Ecclesiologically, Southern Baptists tend to regard the cooperative efforts of multiple local congregations as something other than a church. In Nashville in 2005, Bobby Welch was careful to note that the SBC was not performing the baptisms that were taking place beside the stage—that we were merely witnessing the baptisms that Nashville area churches were performing in our presence. Churches, not people, constitute the membership of the convention, which is a fellowship of churches rather than a church itself. Strictly speaking, we consider our cooperative entities to be more para-church than church.
Nevertheless, our Baptist commitment to religious liberty has caused us to hold that the government has no business employing our theology against us to grant favorable treatment to one denomination over another because of the various ways that various denominations draw the boundaries of church. Such action constitutes at least a partial de facto establishment of special privilege to one denomination of faith over another.
Consider, for example, the recent case that pitted the tax assessor of Tarrant County, Texas, against the Southern Baptists of Texas Convention (SBTC). The SBTC constructed its headquarters in Tarrant County and applied for religious exemption from property tax. The tax assessor initially denied the application, arguing that the SBTC, according to its own theology, is not a church and is not employed primarily for "religious worship." Other denominational headquarters within Tarrant County (the Methodists, for example) had been granted exemption for facilities that served nearly precisely the same functions as the SBTC headquarters, solely on the grounds that the polities of these denominations defined the boundaries of the church differently.
The SBTC appealed the ruling and the courts overturned the decision of the tax assessor. The eventual decision was the right one: The government has no authority to apply the same laws differently to various denominations because of their differing theological views. Theology is beyond the government's authority.
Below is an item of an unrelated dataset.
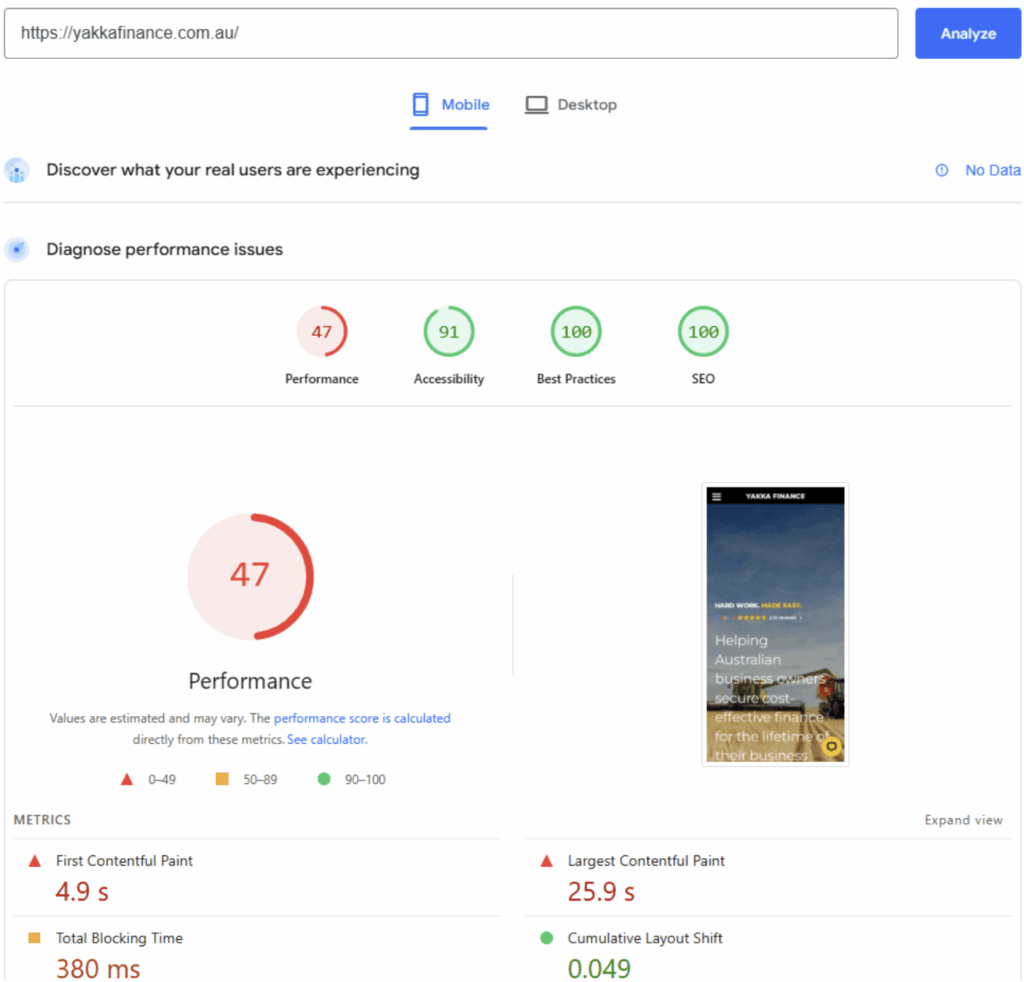 Yakka Finance asked us to help improve the speed and responsiveness of their WordPress site. Their advertising campaigns depended on a fast-loading website, but the existing setup had slow loading times caused by theme issues, plugin weight, third-party scripts, image bloat, and general inefficiencies across the installation.

So, is a Southern Baptist seminary a church? As far as the brusque arm of federal intrusiveness is concerned, you bet it is. I'm not even saying that the federal government has no right to answer the question differently than I have; I'm saying that the federal government has no right to consider the question at all on a denomination-by-denomination basis.
As I've been saying for more than a year, the proponents of the Klouda case are, in their short-sightedness, hard at work to sell our Baptist and American birthright of religious liberty for a bowl of vindictive porridge. As the SBTC case demonstrates, the issues at play here are far-reaching and significant. Let's keep Pandora's grubby hands off of this particular box.